Additionally, the method’s accuracy can be particularly impacted when dealing with complex, interconnected feature sets where the independence assumption becomes increasingly unrealistic.
Variants of Naive Bayes
While this chapter has focused on Gaussian Naive Bayes (GNB), several variants exist for specific use cases:
- Bernoulli Naive Bayes (BNB): used when features follow a Bernoulli distribution (0/1, True/False)
- Multinomial Naive Bayes (MNB): suited for discrete and categorical data
- Complement Naive Bayes (CNB): an adaptation of MNB for unbalanced datasets
- Categorical Naive Bayes (CategoricalNB): designed for non-ordinal categorical features
- Hybrid Naive Bayes (HNB): handles mixed feature types (both numerical and categorical)
Naive Bayes application in Python
To implement Naive Bayes in Python, we’ll create a synthetic dataset of 200 patients with four features: age, systolic blood pressure, BMI, and glucose levels.
Our target variable will be binary: disease present (1) or absent (0).
We’ll split the data into training and test sets using an 80:20 ratio.
We’ll then train a Gaussian Naive Bayes model.
After training, we’ll evaluate the model’s performance using accuracy metrics.
Finally, we’ll visualize the decision boundary between age and blood pressure.
import numpy as np
import matplotlib.pyplot as plt
from sklearn.naive_bayes import GaussianNB
from sklearn.model_selection import train_test_split
from sklearn.metrics import accuracy_score, classification_report, ConfusionMatrixDisplay
# Generate synthetic medical dataset
np.random.seed(42)
n_samples = 200
# Features: Age, Blood Pressure, BMI, Glucose Level
age = np.random.randint(30, 80, size=n_samples)

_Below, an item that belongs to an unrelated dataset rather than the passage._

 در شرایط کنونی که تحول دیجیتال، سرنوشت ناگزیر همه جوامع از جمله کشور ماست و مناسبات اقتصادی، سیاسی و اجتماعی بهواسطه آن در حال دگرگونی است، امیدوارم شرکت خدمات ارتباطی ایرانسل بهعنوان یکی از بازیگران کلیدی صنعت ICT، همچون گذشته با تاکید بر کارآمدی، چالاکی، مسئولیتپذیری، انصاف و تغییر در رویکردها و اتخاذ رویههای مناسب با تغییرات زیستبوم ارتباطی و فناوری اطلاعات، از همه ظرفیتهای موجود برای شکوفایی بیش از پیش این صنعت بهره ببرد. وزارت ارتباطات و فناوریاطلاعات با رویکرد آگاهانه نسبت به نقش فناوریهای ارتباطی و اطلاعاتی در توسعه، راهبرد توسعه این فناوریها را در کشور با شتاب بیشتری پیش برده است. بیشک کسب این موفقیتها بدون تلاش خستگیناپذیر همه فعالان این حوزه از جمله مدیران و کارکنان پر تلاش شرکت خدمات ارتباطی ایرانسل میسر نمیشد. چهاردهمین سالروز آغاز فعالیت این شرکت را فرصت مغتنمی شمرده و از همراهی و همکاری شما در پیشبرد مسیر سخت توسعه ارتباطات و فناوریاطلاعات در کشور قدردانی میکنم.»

blood_pressure = np.random.randint(100, 180, size=n_samples)
bmi = np.random.uniform(18.5, 35, size=n_samples)
glucose = np.random.randint(70, 200, size=n_samples)

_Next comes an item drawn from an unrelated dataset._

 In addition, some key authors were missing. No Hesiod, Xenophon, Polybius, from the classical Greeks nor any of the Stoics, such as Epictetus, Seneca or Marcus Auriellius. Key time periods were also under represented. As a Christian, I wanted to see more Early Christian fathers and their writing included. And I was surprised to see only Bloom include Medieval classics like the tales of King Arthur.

# Target variable (Disease: 1 = Yes, 0 = No)
disease = ((age > 50) & (blood_pressure > 140) & (glucose > 120)) | (bmi > 30)
disease = disease.astype(int) # Convert boolean to integer
# Combine features
X = np.column_stack((age, blood_pressure, bmi, glucose))
y = disease
# Split dataset into training (80%) and testing (20%)
X_train, X_test, y_train, y_test = train_test_split(X, y, test_size=0.2, random_state=42)
# Train Gaussian Naive Bayes classifier
model = GaussianNB()
model.fit(X_train, y_train)
# Predictions
y_pred = model.predict(X_test)
# Evaluate model
accuracy = accuracy_score(y_test, y_pred)
print(f"Model Accuracy: {accuracy:.2f}")
print("\nClassification Report:\n", classification_report(y_test, y_pred))
# Display Confusion Matrix
ConfusionMatrixDisplay.from_estimator(model, X_test, y_test, cmap='Blues')
plt.title("Confusion Matrix")
plt.show()
# Visualizing decision boundaries for first two features (Age vs Blood Pressure)
def plot_decision_boundary(X, y, model):
x_min, x_max = X[:, 0].min() - 5, X[:, 0].max() + 5
y_min, y_max = X[:, 1].min() - 5, X[:, 1].max() + 5
xx, yy = np.meshgrid(np.linspace(x_min, x_max, 100), np.linspace(y_min, y_max, 100))
Z = model.predict(np.c_[xx.ravel(), yy.ravel(), np.full(xx.ravel().shape, 25), np.full(xx.ravel().shape, 100)])
Z = Z.reshape(xx.shape)
plt.contourf(xx, yy, Z, alpha=0.3)
plt.scatter(X[:, 0], X[:, 1], c=y, edgecolor='k', cmap='coolwarm')
plt.xlabel("Age")
plt.ylabel("Blood Pressure")
plt.title("Decision Boundary (Naive Bayes)")
plt.show()
plot_decision_boundary(X_test, y_test, model)
Conclusion
Naive Bayes is a simple and efficient algorithm that adapts well to various real-world applications, particularly in medicine. However, it works best when features are at least approximately independent of each other.